Bersama-sama, masalah ini tampak membuatnya berada di luar kajian sains.
Penemuan kalau mimpi terjadi terutama pada saat
kondisi tidur yang terbedakan secara elektrofisiologis, tidur gerakan mata
cepat (REM), yang dapat diidentifikasi lewat kriteria yang objektif, membawa
kelahiran pada minat fenomena ini. Saat episode tidur REM dihitung durasinya
dan subjek dibangunkan untuk melaporkan sebelum editing atau pelupaan utama
dapat terjadi, ditemukan kalau subjek secara teliti sesuai jangka waktu mereka
menimbang narasi mimpi saat tidur sebanding dengan panjang tidur REM yang
mendahului bangun. Korelasi dekat tidur REM dan pengalaman mimpi ini menjadi
dasar sederetan laporan pertama yang menjelaskan sifat mimpi: yaitu teratur
setiap malam, ketimbang berupa aktivitas yang tidak beraturan, dan berfrekuensi
tinggi dalam tiap periode tidur yang berlangsung pada selang teramalkan sekitar
tiap 60 – 90 menit sepanjang rentang hidup manusia. Episode tidur REM dan mimpi
yang menemaninya diperpanjang waktu malam, dengan episode pertama yang
terpendek, sekitar 10 – 12 menit, dan episode kedua dan ketiga meningkat hingga
15 – 20 menit. Mimpi pada akhir malam dapat berlangsung sepanjang 15 menit,
walau ini dapat dialami sebagai beberapa kisah yang berbeda karena interupsi
sesaat yang mengganggu tidur saat malam berakhir. Laporan mimpi dapat
dilaporkan dari subjek normal pada 50% kejadian saat terbangun pada akhir
periode REM pertama. Tingkat pengingatan ini meningkat hingga sekitar 99% saat
bangun dari periode REM terakhir dalam satu malam. Peningkatan dalam kemampuan
mengingat ini tampaknya berhubungan dengan intensifikasi sepanjang malam dalam
kejelasan pencitraan, warna dan emosi mimpi.
Teori Sintesis Aktivasi
Tahun 1976 J. Allan Hobson dan Robert McCarley
mengajukan sebuah teori baru yang merubah penelitian mimpi, menantang pandangan
mimpi Freud sebelumnya sebagai keinginan bawah sadar untuk ditafsirkan. Teori
sintesis aktivasi mengatakan bahwa pengalaman inderawi dibuat oleh korteks
sebagai alat menafsirkan sinyal kacau dari pons. Mereka mengajukan kalau dalam
mimpi REM, gelombang PGO (Ponto-Geniculo-Occipital) kolinergik naik merangsang
struktur kortikal otak tengah dan depan, menghasilkan gerakan mata cepat.

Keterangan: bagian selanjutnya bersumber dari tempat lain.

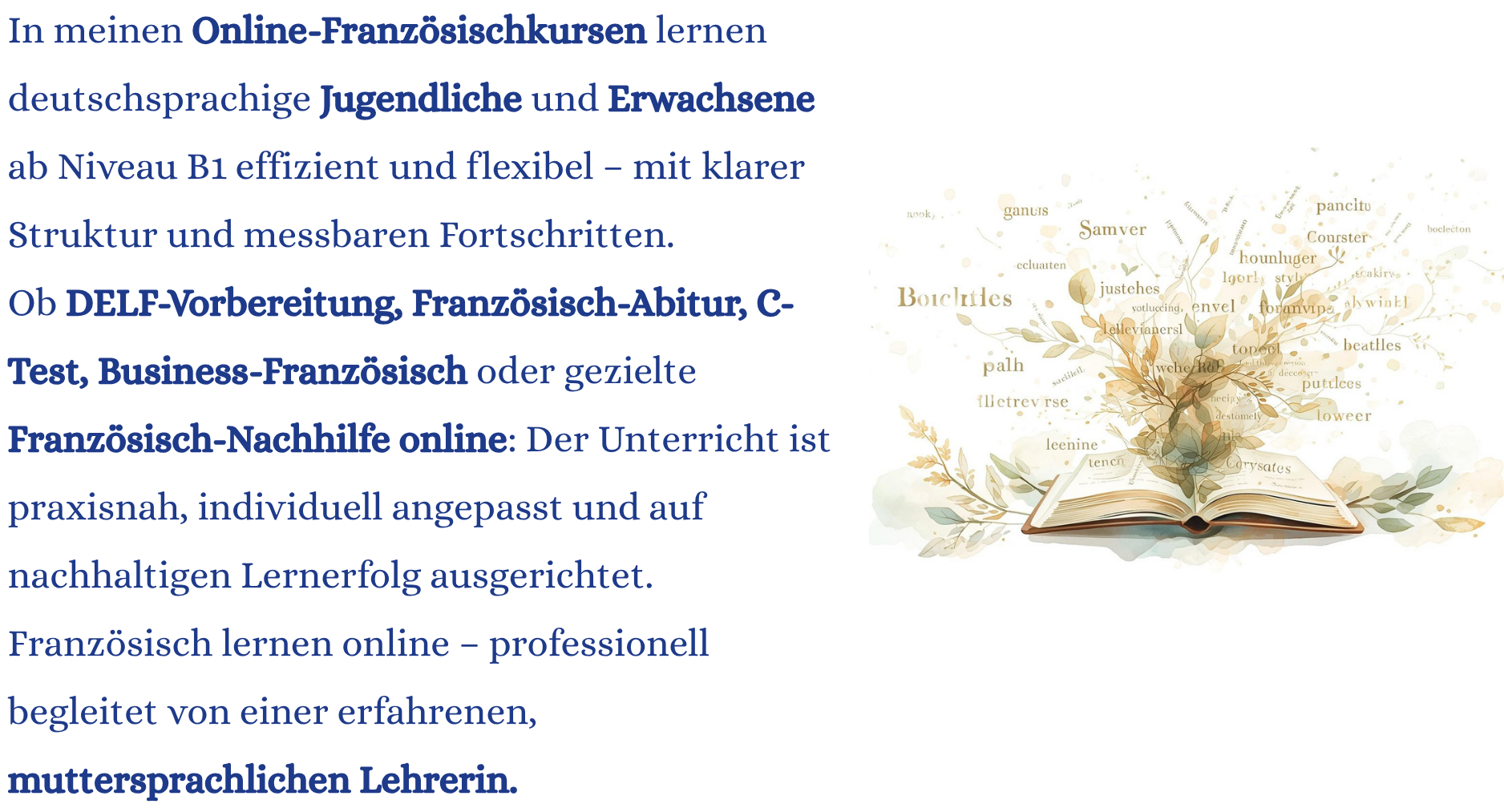 Ob DELF-Vorbereitung, Französisch-Abitur, C-Test, Business-Französisch oder gezielte Französisch-Nachhilfe online: Der Unterricht ist praxisnah, individuell angepasst und auf nachhaltigen Lernerfolg ausgerichtet.

Otak depan yang teraktivasi kemudian mensintesa mimpi dari informasi yang
dibuatnya secara internal. Mereka mengasumsikan kalau struktur yang sama yang
menghasilkan tidur REM juga membangkitkan informasi inderawi.

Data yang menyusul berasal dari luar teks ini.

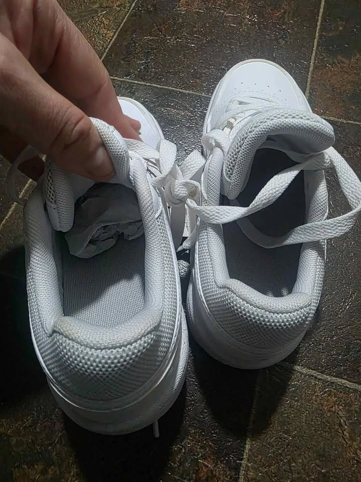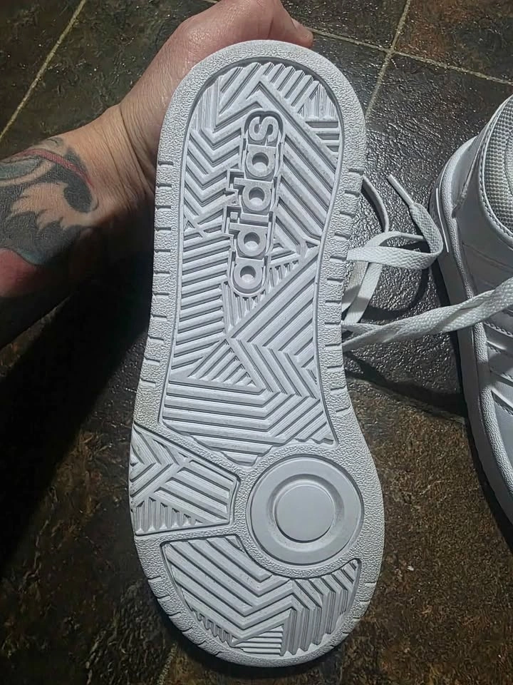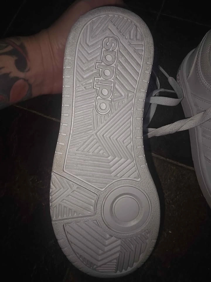 Adidas Hoops 3.0 K, white sneakers, youth size 1. Brand new, no box. The shoelaces are dirty, check the photos carefully. My son just tried them on once to walk in the house for about 20 min.

Penelitian Hobson tahun 1976 menyarankan kalau sinyal
yang ditafsirkan sebagai mimpi berasal dari batang otak saat tidur REM. Walau
begitu, penelitian oleh Mark Solms menunjukkan kalau mimpi dibangkitkan di otak
depan, dan bahwa tidur REM dan bermimpi tidak berhubungan langsung (Solms,
2000). Saat bekerja dalam departemen bedah syaraf di Johannesburg dan London,
Solms memiliki akses pada pasien dengan beragam cedera otak. Ia mulai
menanyakan pasien mengenai mimpi mereka dan membenarkan kalau pasien dengan
kerusakan di lobus parietal tidak dapat bermimpi; penemuan ini sejalan dengan
teori Hobson tahun 1977. Walau begitu, Solms tidak menemukan kasus hilangnya
mimpi dengan pasien yang mengalami kerusakan batang otak. Pengamatan ini
memaksanya mempertanyakan teori Hobson yang menandai batang otak sebagai sumber
sinyal yang ditafsirkan sebagai mimpi. Solms memandang gagasan bermimpi sebagai
fungsi dari banyak struktur otak yang membenarkan teori mimpi Freud, gagasan
yang mendapat kritik dari Hobson. Tahun 1978, Solms, bersama rekannya William
Kauffman dan Edward Nadar, melakukan sdederetan studi pengaruh tumbukan cedera
traumatis menggunakan beberapa spesies primata, khususnya monyet howler, untuk
menyanggah postulat Hobson kalau batang otak berperan penting dalam patologi
mimpi. Sayangnya, percobaan Solms terbukti tidak dapat disimpulkan, karena
tingkat kematian yang tinggi berasosiasi dengan penggunaan paku tumbuk hidrolik
pada kerusakan otak buatan dalam subjek uji berarti bahwa pool kandidat
akhirnya terlalu kecil untuk memenuhi persyaratan metode ilmiah (Rock, 2004)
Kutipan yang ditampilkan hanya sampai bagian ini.